A new start-to-finish view of a neutron star merger—the most complete such process ever observed—rewrites the way scientists understand these events. A UMD-led study of the event was published today in the journal Monthly Notices of the Royal Astronomical Society.
In the three years since the landmark detection of a neutron star merger from gravitational waves, an international team of researchers led by University of Maryland astronomer Eleonora Troja has been continuously monitoring the subsequent radiation emissions. Its analysis provides possible explanations for X-rays that continued to radiate from the collision long after models predicted they would stop. The study also reveals that current models of neutron stars and compact body collisions are missing important information.
“We are entering a new phase in our understanding of neutron stars,” said Troja, an associate research scientist in the Department of Astronomy and lead author of the paper. “We really don’t know what to expect from this point forward, because all our models were predicting no X-rays, and we were surprised to see them 1,000 days after the collision event was detected. It may take years to find out the answer to what is going on, but our research opens the door to many possibilities."

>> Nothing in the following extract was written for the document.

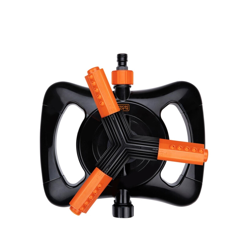 BLACK+DECKER Rasensprenger 3 Arme – 360° Bewässerung – 25 x 24 x 8 cm – Gartenschlauchanschluss – Schwarz/Orange

The neutron star merger that Troja’s team studied—GW170817—was first identified from gravitational waves detected by the Laser Interferometer Gravitational-wave Observatory and its counterpart Virgo on Aug. 17, 2017. Within hours, telescopes around the world began observing electromagnetic radiation, including gamma rays and light emitted from the explosion. It was the first and only time astronomers were able to observe the radiation associated with gravity waves, although they long knew such radiation occurs. All other gravity waves observed to date have originated from events too weak and too far away for the radiation to be detected from Earth.